New Brunswick's auditor general Kim MacPherson said in a new audit this week on the Miramichi-based construction company that it was poorly managed and used questionable accounting when the Liberal government of Shawn Graham gave it $63.4 million in loan guarantees.
- Atcon was so badly managed, taxpayers' $63M was never going to save it, AG finds
- Opportunities NB boss defends response to Atcon fiasco
During Information Morning Fredericton's weekly political panel, Trade Minister Roger Melanson dodged questions on what consequences members of the Liberal government who were involved with the fiasco have faced.
"I can't specifically answer what are the consequences," he said.
Progressive Conservative Riverview MLA Bruce Fitch said he was "appalled" by the minister's response, and said he was concerned that the government has not done enough to make sure something like Atcon doesn't happen again.
"We're still not protected here." - Progressive Conservative Riverview MLA Bruce Fitch
This week, MacPherson said only four of the 19 recommendations from her first audit in 2015 have been implemented, despite claims by Opportunities New Brunswick that 15 were implemented.
"The past is terrible, but the future, we're still not protected here," Fitch said.
Lack of consequences
Green Party Leader David Coon argued there has been no accountability for the six MLAs who were part of the Atcon decisions.

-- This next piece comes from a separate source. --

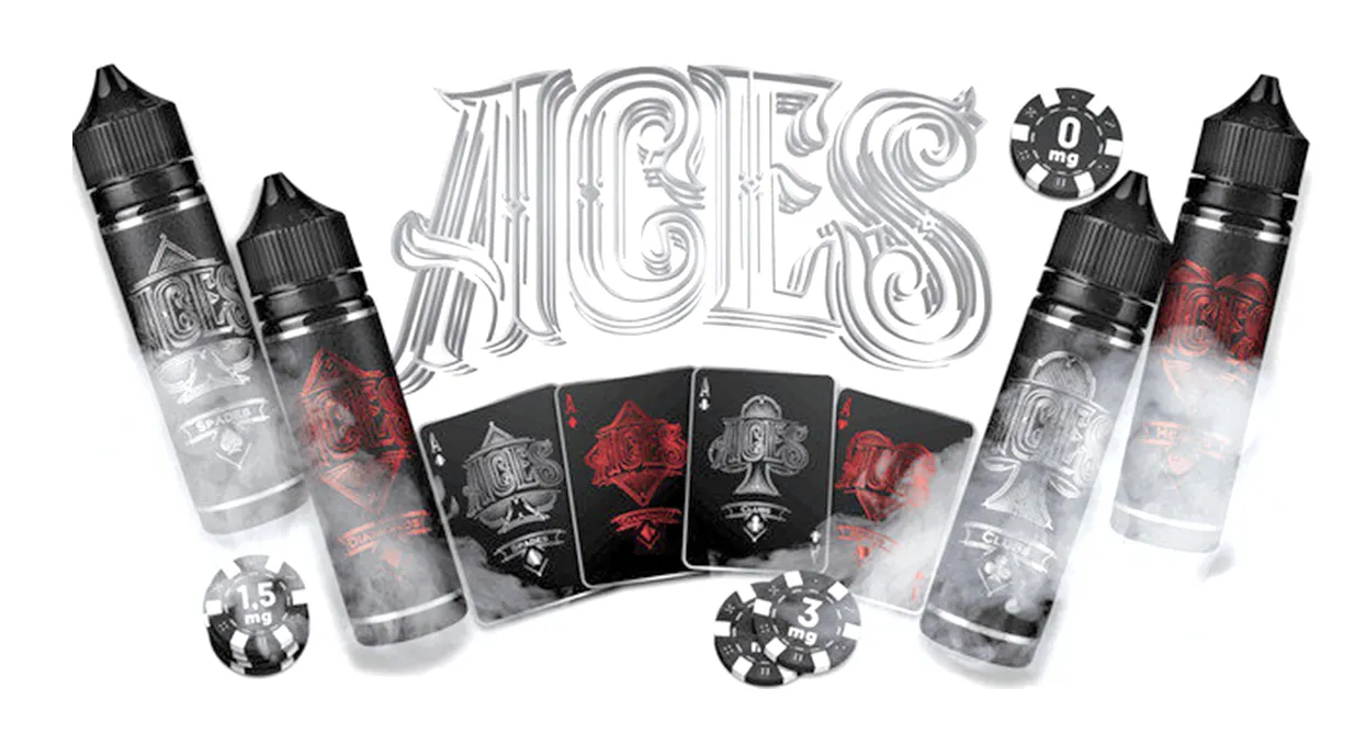 Виробники ACES вийшли на професійне виробництво восени 2018 року. Перебравши найбільш вдалі комбінації ароматизаторів, старанно відібрали чотири смаки. А цікавий та незвичайний дизайн упаковки став візитною карткою рідин ACES. Усередині кожної упаковки є вкладиш, що дозволяє постійним клієнтам зібрати свою колоду і взяти участь у картковій грі. Неймовірні поєднання в плашечці в 60мл не залишить тебе байдужим, різноманіття смаків та крутий дизайн пляшечок. Все що тобі залишилось купити рідину для вейпу Aces на почати насолоджуватись смаками які для тебе розробили українські виробники. Нарешті ти можеш зарядитись позитивними емоціями та вейпити з задоволенням.

Current cabinet ministers Rick Doucet, Denis Landry and Brian Kenney, and former ministers Victor Boudreau, Ed Doherty and Donald Arseneault were part of the Shawn Graham government at the time the decisions were made.
"That's what really, really makes people cross, is the lack of accountability, the lack of consequences for poor decisions, bad decisions in our political system," he said.
People's Alliance Party Leader Kris Austin echoed Coon's arguments, but went one step further, calling on the MLAs to resign.
"At the end of the day, that should be a starting point," he said.
NDP Leader Jennifer McKenzie said the fiasco and results of the second audit highlight that the provincial government needs to find a better way to boost the economy than giving money to private companies.
"This way hasn't worked for New Brunswickers, is not working for New Brunswickers, and will not work for New Brunswickers," she said.
"It's a scathing report and calls for a different approach."